The purpose of an electrical generator is to produce electrical energy to some load but it must do so within specified operating limits of frequency and voltage. When it operates in island mode it is responsible for determining these parameters but when operating in parallel mode with other generators it only has limited control, in general, and the required mode of operation can be as significant as the electrical load being supplied.
The load behaviour affects the generator requirements but the environmental conditions, the characteristics of the prime mover and the generator control systems are all relevant to the actual generator performance, during steady duty or rated condition and also during transient, subtransient, pretransient and all dynamic conditions encountered. The actual design of any generator, therefore, has to make allowance for all these factors; however, before considering generator performance it is necessary to consider in detail the relevant aspects of the following factors:
1. Significance of prime mover.
2. Electrical loads and systems.
3. Environmental effects.
4. Generator control systems.
Significance of the prime mover
The purpose of a prime mover is to convert energy in one form into rotating mechanical power to drive the electrical generator, and the important characteristic is the torqueâspeed performance as a function of load absorbed by the generator. The inherent (or design) performance of an engine is affected by several secondary factors such as variation in fuel or energy medium, or environmental effects such as ambient air. The resultant performance will seldom result in a satisfactory generator performance to meet the requirements of the electrical load and a control system is added to ensure reasonable compatibility. This may consist of a simple governor or be a more complicated energy-regulating system and it differs significantly between types and sizes of prime mover.
The prime mover and generator form an integral package with mechanical connections between them and the wide range of possible features associated with this interaction requires the generator to have mechanical features which can affect its electrical performance.
Prime mover
The type of prime mover chosen for any generator must meet the following basic requirements:
1. Have a rated continuous running speed which ensures that the generator will produce its desired electrical frequency, if necessary by using a gearbox or other speed-changing device between prime mover and generator, and possess some means of adjusting the speed.
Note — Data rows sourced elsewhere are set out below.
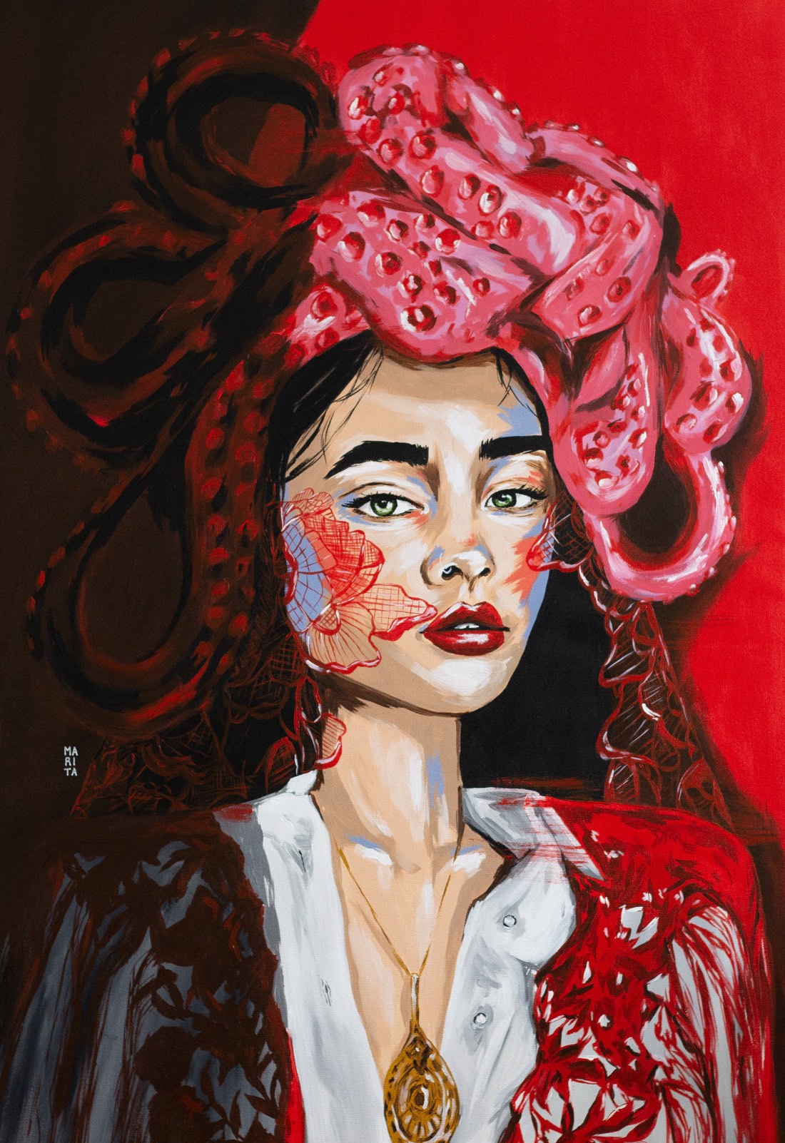 • Pintura de mulher com adereço de cabeça vermelho, colar dourado, camisa branca e casaco vermelho e preto.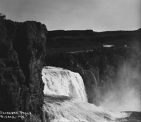 PC-2173 "Shoshone Falls;" close-up view from the north side of the canyon, power lines and outbuildings can be seen on the south side.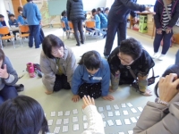 「こすりだし」でした。1年生が学校のいろんなものや、外の落ち葉などを拾ってきて、下に敷いてこすっていました。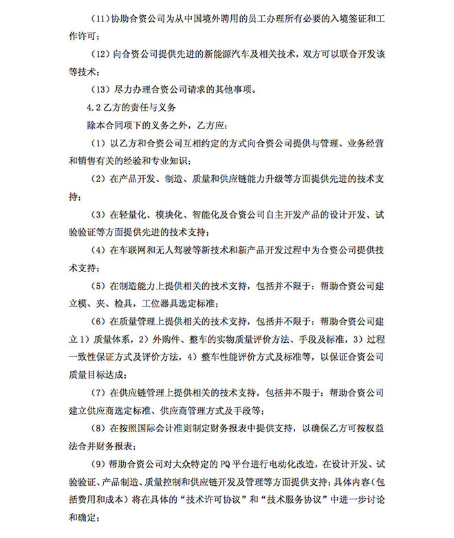 在轻量化、模块化、智能化及合资公司自主开发产品的设计开发、试验验证等方面提供先进的技术支持;在车联网和无人驾驶等新技术和新产品开发过程中为合资公司提供技术支持;帮助合资公司对大众特定的PQ平台进行电动化改造,在设计开发、试验验证、产品制造、质量控制和供应链开发及管理等方面提供支持。(图/文 网通社 马云龙)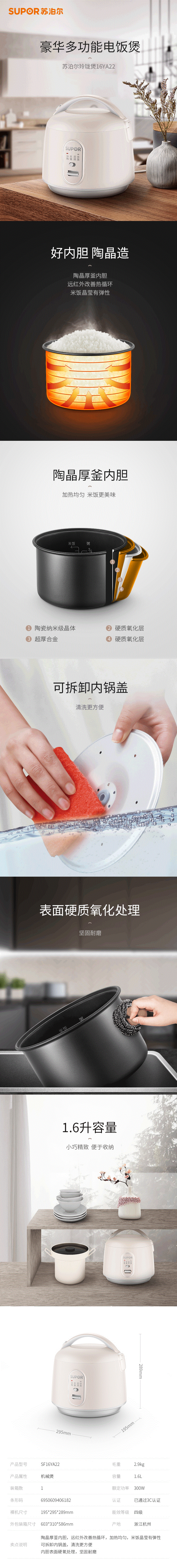 苏泊尔(SUPOR)迷你电饭锅电饭煲SF16YA22 1.6L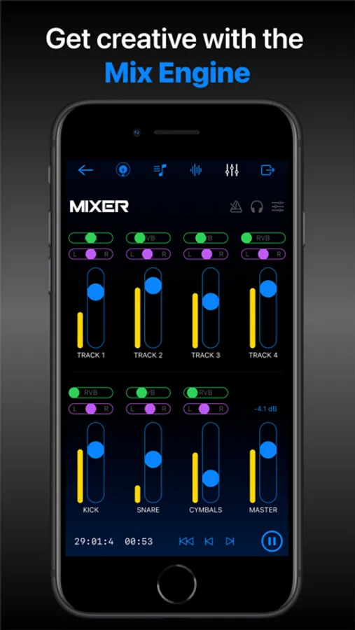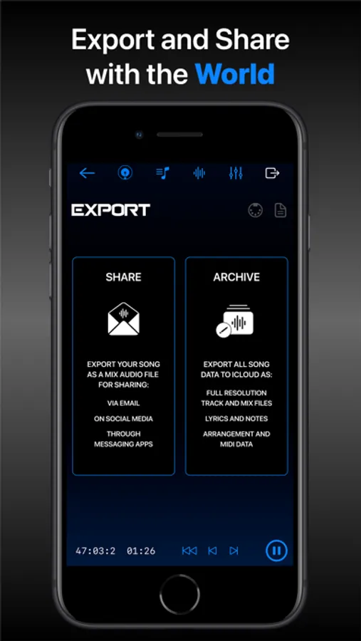 • Export your mixes, MIDI data and individual audio files to share with the world!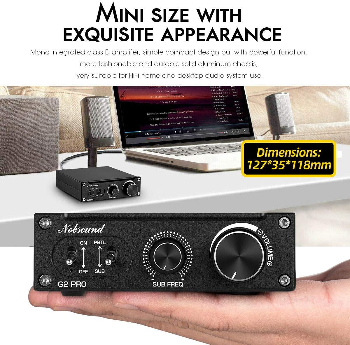 - Kompakte Bauform mit exquisitem Aussehen: Mono-integrierter Class-D-Verstärker, einfach und kompakt, aber mit mächtiger Funktion, gehäuse aus robustem Aluminium, ideal für HiFi Heim- und Desktop-Audiosysteme.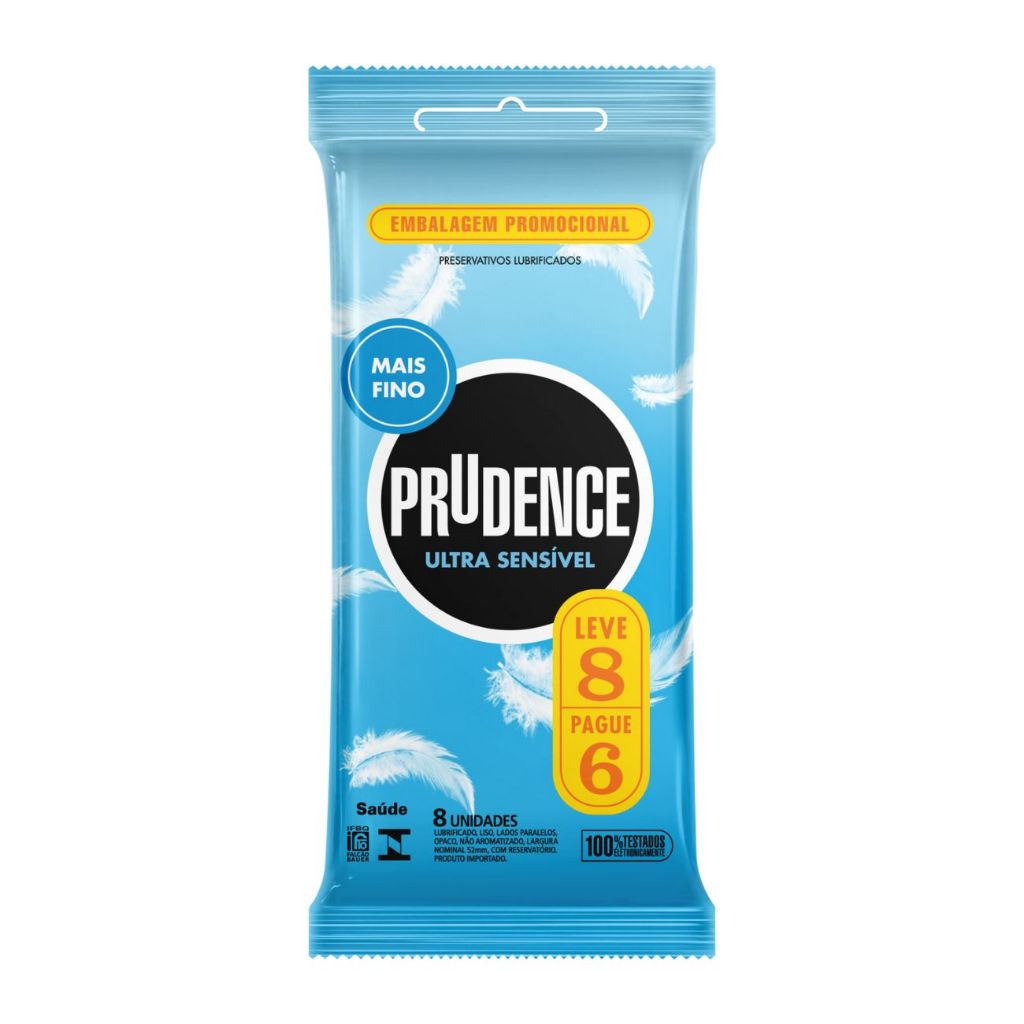 Kit contém: 3 embalagens do Preservativo Prudence Ultra Sensível Mais Fino Leve 8 Pague 6. Você já conhece os preservativos Ultra Sensível? Uma proteção quase imperceptível! Ele foi desenvolvido para proporcionar uma sensação mais natural, no ato da penetração, além do conforto.Você já conhece os preservativos Ultra Sensível? Uma proteção quase imperceptível! Ele foi desenvolvido para proporcionar uma sensação mais natural, no ato da penetração, além do conforto. Os Preservativos Prudence são lubrificados e apresentam material resistente. Modo de uso: O envelope que contém o preservativo deve ser aberto pelo picote no sentido vertical e somente na hora do uso. Não utilizar objetos cortantes, afiados ou pontiagudos para abrir a embalagem. Colocar o preservativo no órgão íntimo masculino assim que ocorrer a elevação, antes de qualquer contato íntimo. Para colocá-lo, leve-o até a extremidade do órgão íntimo masculino eleavado e aperte a ponta do preservativo de modo a evitar a retenção de ar em seu interior. Desenrolá-lo até a base do órgão íntimo masculino. Logo após a ejaculação, quando o órgão íntimo masculino ainda estiver ereto,retire-o da órgão íntimo feminino vagarosamente, segurando a borda do preservativo para que não haja vazamento de esperma. O produto deve ser utilizado uma única vez e deve ser descartado corretamente logo após o uso, não devendo ser jogado no vaso sanitário. Use um novo preservativo a cada relação íntima. Importante: A eficácia do preservativo está diretamente relacionada a sua correta utilização.Não deve entrar em contato com vaselina, óleo mineral ou outros produtos em base oleosa. Proteja este produto do calor, da umidade e da luz. Produto de uso único. Não fracionar. Produto recomendado para planejamento familiar e para a prevenção de doenças sexualmente transmissíveis.

2. Use a suitable, available, economic fuel, and have an effective fuel supply system including any necessary filtering, pressurization etc., with a standby alternative and a suitable changeover procedure, if desired.
3. Have acceptable initial and operating costs, including running costs under actual operating conditions of load, fuel and environment and allowing for effects of running efficiency, heat/energy recovery, and also expense involved in supervision, erection and maintenance.
4. Be capable of operating satisfactorily and safely in its specific environment, such as available cooling media, weather, hazardous area, marine or other contaminated location, and adverse effects of noise, vibration, exhaust etc.
5. Have a competitive first cost in relation to number and size of units selected, including any auxiliaries required, together with structural or installation requirements.
In addition to these basic requirements, however, the following technical aspects must also be satisfied:
6. The complete interconnected shaft system, including all rotors, gears, couplings, etc., must be designed to meet all operating torque and speed conditions for steady-state load conditions and also any cyclic, torsional, transient and pretransient electrical short circuit duties, as well as starting and accelerating conditions. It must also be compatible with all vertical and horizontal displacements, deflections and line-ups, including axial effects, and their resultant effects on the components of the system and its supporting structure.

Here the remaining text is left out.